In some embodiments, before the injecting, the method includes mixing the surfactant fluid for 2 to 30 minutes (min), preferably 5 to 25 min, preferably 10 to 20 min, and preferably about 15 min. In some embodiments, the mixing can be performed using a high-speed mixer, mechanical stirrer, rotor-stator homogenizer, planetary mixer, ultrasonic agitator, jet mixer, a combination thereof, and the like to achieve uniformity. In some embodiments, the mixing can be done by stirring, swirling, sonicating, a combination thereof, and the like. The surfactant fluid is mixed to promote homogeneity and facilitate effective interactions among the various constituents. In some embodiments, the method includes settling the surfactant fluid for 6 to 12 hours (h), preferably 7 to 11 h, preferably 8 to 10 h, and preferably about 9 hours. The surfactant fluid may be settled for enhanced dispersion. Settling of the surfactant fluid enables the effective removal of suspended particles or impurities to improve the surfactant fluid uniformity and stability. In some embodiments, the method includes stirring the surfactant fluid for 30 to 90 min, preferably 35 to 85 min, preferably 40 to 80 min, preferably 45 to 75 min, preferably 50 to 70 min, more preferably 55 to 65 min, and yet more preferably about 60 min. Stirring prevents phase separation, ensures the even distribution of the components, and promotes enhanced interaction between the surfactant and the brine solution. Stirring also aids in breaking up any aggregates or clumps of particles that may have formed, ensuring the solution remains homogenous and stable. In some embodiments, the method includes sonicating the surfactant fluid for 20 to 60 min, preferably 25 to 55 min, preferably 30 to 50 min, more preferably 35 to 45 min, and yet more preferably about 40 min before the injecting. As used herein, the term “sonication” refers to the process in which sound waves are used to agitate particles in a solution. In some embodiments, other modes of agitation known to those of ordinary skill in the art, for example, via stirring, swirling, mixing, a combination thereof, and the like, may be employed to form the resultant mixture.
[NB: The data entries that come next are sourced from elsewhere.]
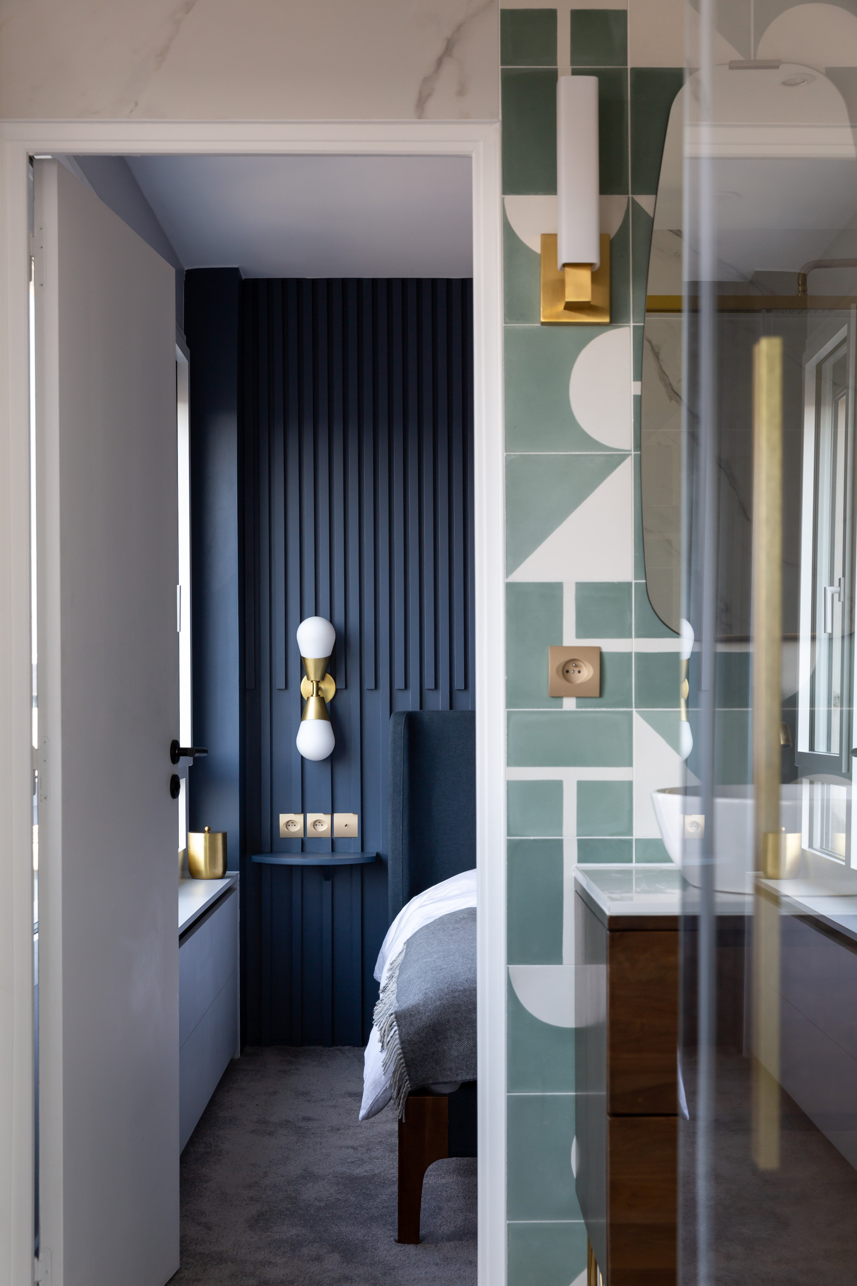 La salle d’eau sert donc de sas pour entrer dans la chambre. Afin de rester dans l’esprit Streamline moderne, ses murs ont été parés d’un carrelage style Art déco, calepiné sur mesure par l’architecte d’intérieur. « J’adore ces moments créatifs dans mon métier », nous souffle-t-elle.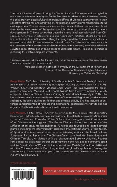 The book Chinese Women Striving for Status: Sport as Empowerment is original in focus and in evidence. It analyses for the first time, in informed and substantial detail, the extraordinary, successful and impressive efforts of Chinese sportswomen in their collective striving for, and achieving of, national and international recognition, status and supremacy. The performances and achievements of these women have thrust them to the very center of the global spotlight. Among the most dramatic, recent developments in Chinese society has been the international ascendancy of these Chinese sportswomen: an intentional and impressive demonstration of soft power politics.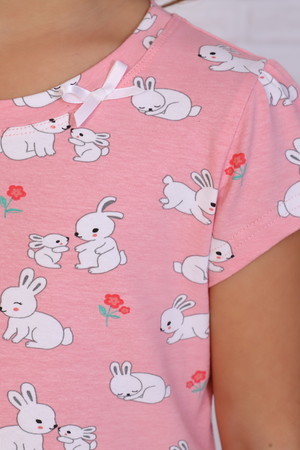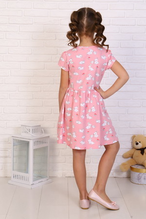 Платье для девочек дошкольного и младшего школьного возраста, из трикотажного полотна кулирка с лайкрой с рисунком. Платье прилегающего силуэта, отрезное и расклешенное от линии талии, с втачным, коротким, одношовным рукавом, с обтачкой в горловине. По окату рукава небольшая сборка. Низа рукавов и нижней части платья подогнуты. По шву втачивания обтачки в горловину проложена отделочная строчка.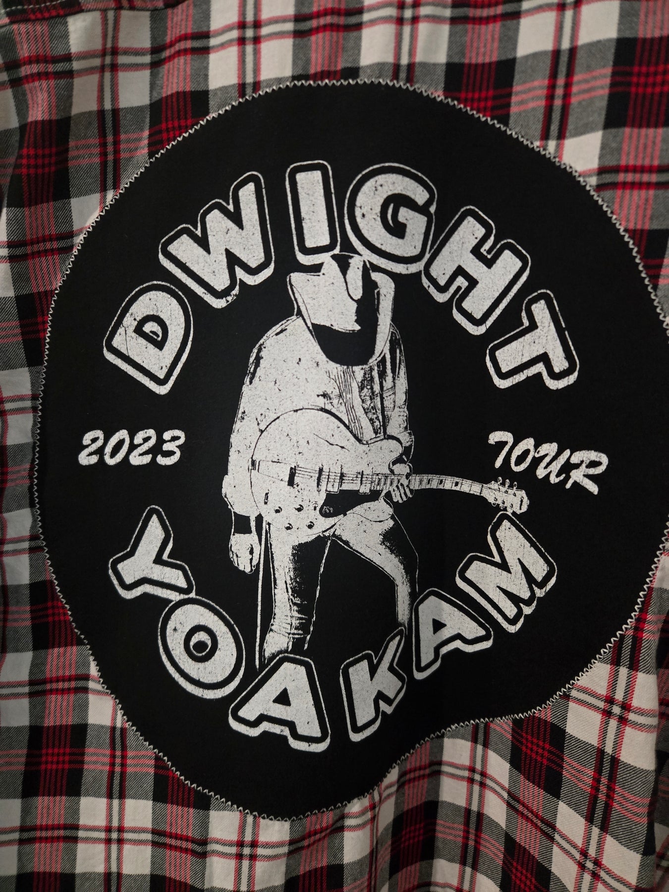Upcycled hand-sewn Flannel featuring Dwight Yokam.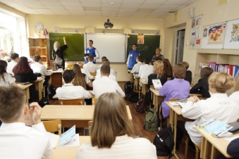 Алексей Молотов, функциональный координатор пресс-службы, приехал в школу к ребятам, где помог в организации знаменной группы на торжественной линейке. После, совместно с координатором школьного отряда Волонтëров Победы Марией Никитиной поздравил учащихся, педагогов и администрацию учреждения с Днëм знаний, подробнее рассказал про деятельность Движения и пригласил вступить в школьный отряд.
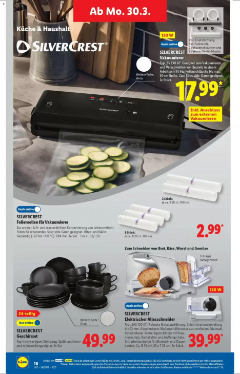 Bitte beachten Sie, dass dieser Text automatisch generiert wird und möglicherweise Fehler enthält\ u } „no Haushal 8 R Inkl. Ersatzdichtung, 3-m-Folienrolle, Auch online ® 2 Vakuumschläuchen und MVT AT 8 SILVERCREST Vakuum -Ventil-Adapter h Vakuumierer Typ „SV 130 Al“. Geeignet zum Vakuumieren „q und Verschweißen von Beuteln in einem ‚Arbeitsschritt. Für Folienschläuche bis max. Weitere Farbe: 9 30 cm Breite. Zum Sous-vide-Garen geeignet. LOS PE LH 2 =. 72 LL > hennen Sy r I "à ed m _æ 2 Stück; je ca. B 28 x L 300 cm SILVERCREST Folienrollen für Vakuumierer ze Zur aroma-, luft- und wasserdichten Konservierung von Lebensmitteln. Folien für schonendes Sous-vide-Garen geeignet. Hitze- und kälte- 3 Stück; beständig (-20 bis +110 °C). BPA-frei.Je Set 1m =-33/-50 je ca. B 20 x L 300 cm Zum Schneiden von Brot, Käse, Wurst und Gemüse ie = Ik Schräger = Auflagentisch t A ZY Kr FE me En Ex. JK SILVERCREST = = À Weitere Farbe: Elektrischer Allesschneider Nur online ® Grau Typ „SAS 120 ET“. Robuste Metallausführung. Schnittbreiteneinstellung SILVERCREST bis 23 mm. Abnehmbares Wellenschliffmesser aus rostfreiem Edelstahl. Abnehmbarer Schneidgutschlitten mit Dau- Geschirrset menschutz, Restehalter und Auffangschale. Aus hochwertigem Steinzeug. Spülmaschinen- Sicherheitsschalter für Moment- und Dauer- und mikrowellengeeignet. Je Set betrieb. Ca. B 36 x H 25 x T 23 cm. Je Stück CAEN © ind ab sofort auch unterlidl.de inkl. MwSt., Lv andkostenpauschale (€5,95), bestellbar, soweit nicht abweichend am Artikel angegeben. “Dieser Artikel kann aufgrund begre ed TLE Nonfood-Aktionsartikel nicht in Klei ilialen LHZ -14/: D tr de/kleinstfilialen) erhaltlich. Modelle teilweise nicht in allen Größen und Farben erhäl lich, (A 2 D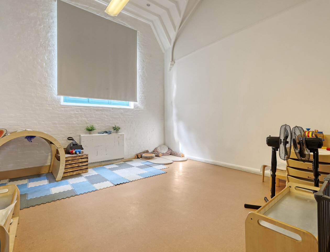 The property, formerly a Church, has been converted into a Children’s Nursery. The main hall provides a largely open-plan space, complemented by a secondary hall also used for childcare. On entry, visitors are welcomed directly into the main hall, with a rear hallway leading to the manager’s office, a good-sized kitchen, WCs, and storage facilities. To the rear, there is access to a self-contained garden, currently arranged as a children’s playground.

In some embodiments, the surfactant fluid has a zeta potential of −30 to −25 millivolts (mV), preferably −29 to −27 mV, more preferably −28.5 to −28 mV, and yet more preferably about −28.09 mV. In some embodiments, the surfactant fluid has an electrophoretic mobility of −2 to −2.4 micrometer centimeter per volt second (μm·cm/Vs), preferably −2.05 to −2.35 μm·cm/Vs, preferably −2.1 to −2.3 μm·cm/Vs, more preferably −2.15 to −2.2 μm·cm/Vs, and yet more preferably about −2.189 μm·cm/Vs. In some embodiments, the surfactant fluid has a conductivity of 69 to 70 millisiemens per centimeter (mS/cm), preferably 69.1 to 69.9 mS/cm, preferably 69.2 to 69.8 mS/cm, preferably 69.3 to 69.7 mS/cm, more preferably 69.4 to 69.6 mS/cm, and yet more preferably about 69.55 mS/cm.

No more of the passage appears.